Liang Faming, Kim Jinsu, Song Qifan
Professor, Department of Biostatistics, University of Florida, Gainesville, FL 32611.
Enterprise Solution Specialist, Big Data Analysis Consulting Team, LG CNS, Seoul, Republic of Korea.
Technometrics. 2016;58(3):604-318. doi: 10.1080/00401706.2016.1142905. Epub 2016 Jul 8.

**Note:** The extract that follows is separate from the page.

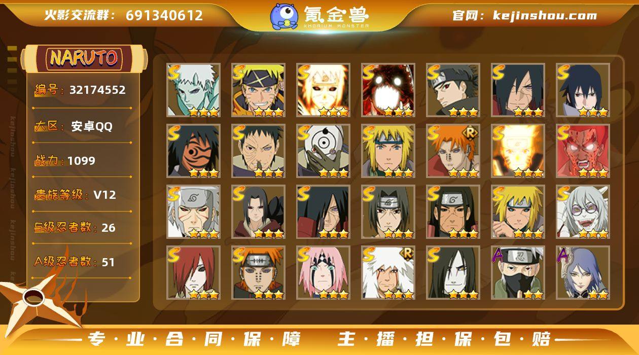MCK630818 【(可转苹果)忍法帖已开!1099W战力 白破超 死水 绿牛26S+298点券小孩+盾狗 面麻8个198直购51A+4直购通灵+雨隐主场景+虎年决斗场景+98片罗砂一堆S碎片】 战力1099 账号等级148 忍者总数221 游戏大区2115 魅力值13700 S忍碎片数量3337 【暂时不可修改】 【榜五百内】 【VIP12】 S级忍者26 A级忍者51 通灵兽22 秘卷1 时装14 替身4 决斗场景2 主场景2 决斗幕布3 S级忍者:秽土转生宇智波斑,忍界大战宇智波带土,忍界大战春野樱,红夜之刃神秘面具男,秽土转生解宇智波斑,秽土转生千手扉间,舞之豪杰自来也,暴怒第六尾漩涡鸣人,漩涡鸣人·宇智波佐助,死门迈特凯,十尾人柱力宇智波带土,波风水门,仙人模式药师兜,大蛇丸,须佐能乎宇智波鼬,天道佩恩,九喇嘛连结漩涡鸣人,永恒万花筒宇智波佐助,须佐能乎宇智波止水,九喇嘛连结波风水门,超佩恩天道,白面具宇智波斑,秽土转生宇智波鼬,秽土转生长门,秽土转生波风水门,秽土转生千手柱间; A级忍者:最终章日向雏田,新春限定宇智波鼬,神驹佑将小南,宇智波泉奈,六代目水影长十郎,忍者之路神秘面具男,死司凭血飞段,五代目雷影达鲁伊,新春限定迪达拉,漂泊浪客佩恩六道,桃式显现漩涡博人,仙人模式巳月,不缘,忍界大战奇拉比,新春限定大蛇丸,晓大蛇丸,羁绊神农,忍界大战土台,四代目土影黑土,神威对决旗木卡卡西,青春爆炸迈特凯,百豪春野樱,忍界大战秋道丁次,忍界大战日向宁次,秽土转生迪达拉,秽土转生桃地再不斩,近松十人卫千代,新春限定波风水门,迈特凯,初始形态机械鸣人,宇智波鼬,干柿鬼鲛,疾风传我爱罗,迪达拉,青年长门,蝎,飞段,猿飞阿斯玛,奇拉比,小南,仙人模式漩涡鸣人,万花筒写轮眼宇智波佐助,青年波风水门,青年艾,新春限定宇智波止水,漂泊武士千手扉间,宇智波止水,万花筒写轮眼旗木卡卡西,须...

Markov chain Monte Carlo (MCMC) methods have proven to be a very powerful tool for analyzing data of complex structures. However, their computer-intensive nature, which typically require a large number of iterations and a complete scan of the full dataset for each iteration, precludes their use for big data analysis. In this paper, we propose the so-called bootstrap Metropolis-Hastings (BMH) algorithm, which provides a general framework for how to tame powerful MCMC methods to be used for big data analysis; that is to replace the full data log-likelihood by a Monte Carlo average of the log-likelihoods that are calculated in parallel from multiple bootstrap samples. The BMH algorithm possesses an embarrassingly parallel structure and avoids repeated scans of the full dataset in iterations, and is thus feasible for big data problems. Compared to the popular divide-and-combine method, BMH can be generally more efficient as it can asymptotically integrate the whole data information into a single simulation run. The BMH algorithm is very flexible. Like the Metropolis-Hastings algorithm, it can serve as a basic building block for developing advanced MCMC algorithms that are feasible for big data problems. This is illustrated in the paper by the tempering BMH algorithm, which can be viewed as a combination of parallel tempering and the BMH algorithm. BMH can also be used for model selection and optimization by combining with reversible jump MCMC and simulated annealing, respectively.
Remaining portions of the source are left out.